O tema segue em evolução. Em um julgamento crucial ocorrido em 14 de abril de 2026, as Sezioni Unite da Corte de Cassação analisaram questões complexas como a aplicação retroativa da nova lei de 2025. O cenário atual é, portanto, de transição, com decisões judiciais favoráveis coexistindo com novas e importantes restrições legislativas.
Passo a passo para solicitar a cidadania
Apesar do cenário complexo, o caminho para obter o passaporte europeu continua exigindo organização e atenção aos detalhes. O processo pode ser feito nos consulados italianos no Brasil ou diretamente na Itália. Veja as etapas fundamentais:
Pesquisa e busca de documentos: o primeiro passo é montar a árvore genealógica e reunir todas as certidões em inteiro teor, desde o seu nascimento até o do ancestral italiano que veio para o Brasil. Isso inclui registros de nascimento, casamento e óbito de toda a linha de descendência.

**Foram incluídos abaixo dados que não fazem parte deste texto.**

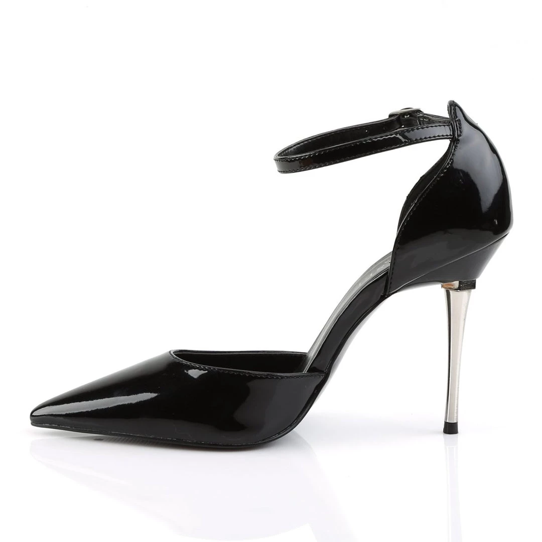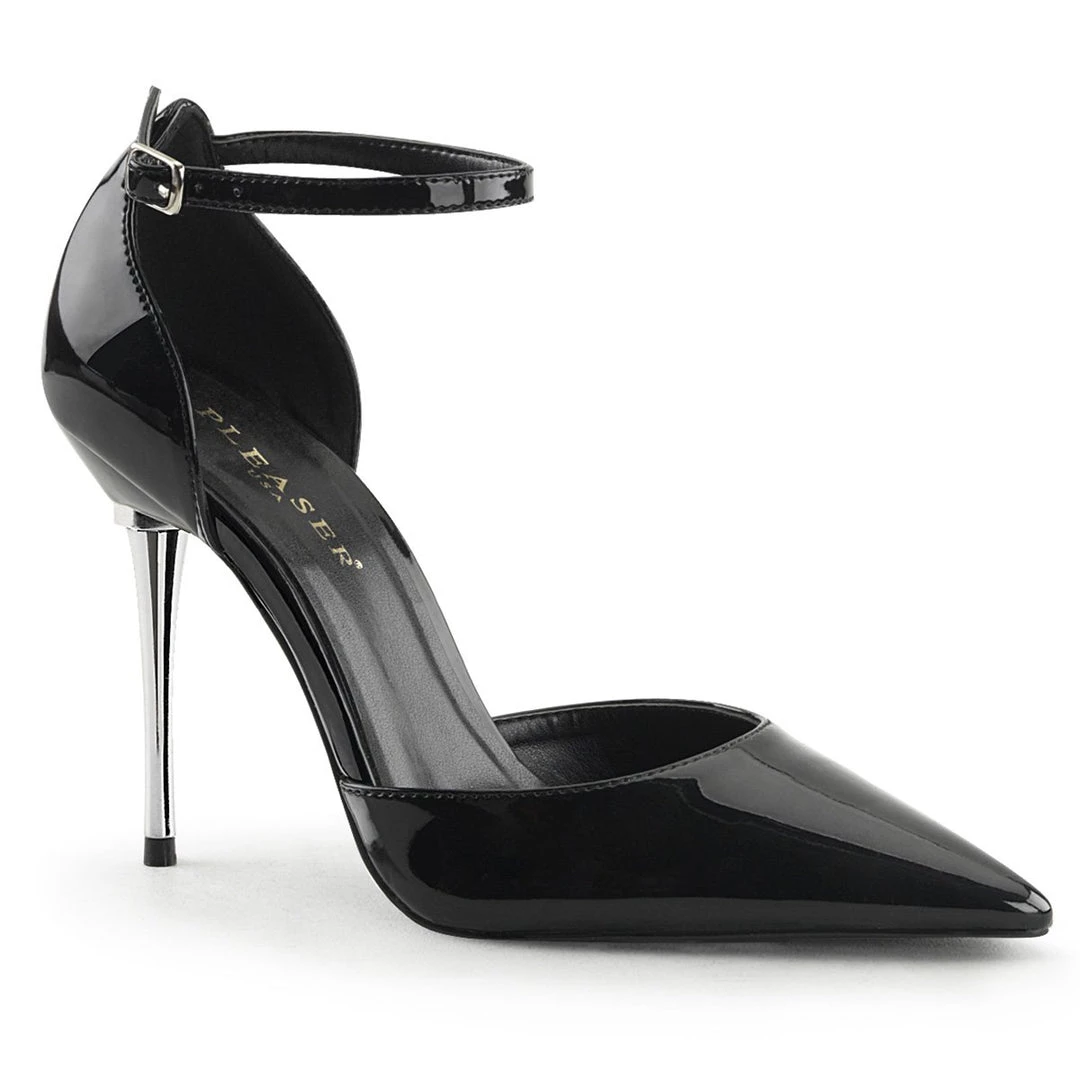 Sleek and sexy 4″ (10.2cm) metal stiletto heel ankle strap pointed toe d’Orsay pump. Perfect for a night out!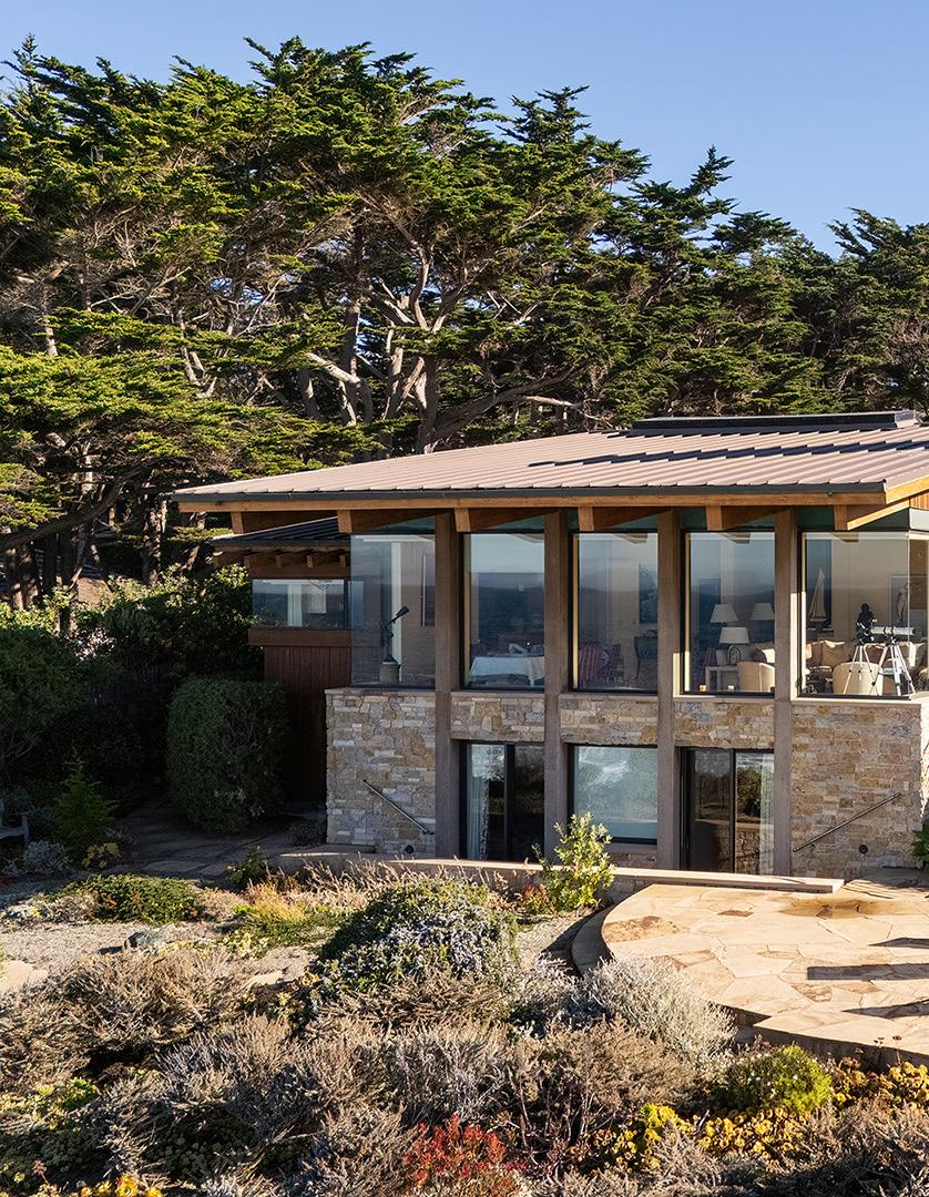 Set along one of California’s most breathtaking coastlines, this oceanfront residence is a masterful blend of site-sensitive architecture, sustainable design, and sweeping Pacific views. Completely reimagined in 2007 by Tobin Dougherty Architects, the 3-bedroom plus den, 4-bath home draws the ocean into nearly every room through expansive windows and open, lightfilled living spaces. Exquisite craftsmanship is showcased in local sandstone, cedar siding, copper detailing, and a standingseam metal roof. Designed for effortless living, the layout places all primary living spaces on the main floor, complemented by a seamless indoor-outdoor flow ideal for both entertaining and quiet reflection. Energy efficient designs ensure year-round comfort. Set on a half-acre in the coveted Yankee Point enclave, this serene retreat offers privacy, poetic views, and refined coastal living just minutes from Carmel-by-the-Sea.

Análise da documentação: após reunir os papéis, é crucial verificar se todos os nomes, datas e locais estão corretos. Qualquer divergência precisa ser retificada judicialmente no Brasil antes de prosseguir com o processo na Itália.
Tradução e apostilamento: todos os documentos brasileiros devem ser traduzidos para o italiano por um tradutor juramentado. Em seguida, tanto os originais quanto as traduções precisam receber a Apostila de Haia, que valida os documentos para uso internacional.
Escolha da via do processo: existem dois caminhos principais. A via consular, feita no Brasil, é a mais econômica, mas as filas de espera podem levar mais de uma década. A alternativa é o processo na Itália, seja por via administrativa (para quem fixa residência no país) ou judicial, que tradicionalmente leva entre um e três anos, mas os prazos podem variar consideravelmente.
A via judicial na Itália, por exemplo, não exige que o requerente more no país durante o andamento do processo. Ele pode ser representado por um advogado italiano. Independentemente do caminho escolhido, a organização da documentação continua sendo a etapa mais importante para garantir o sucesso do pedido.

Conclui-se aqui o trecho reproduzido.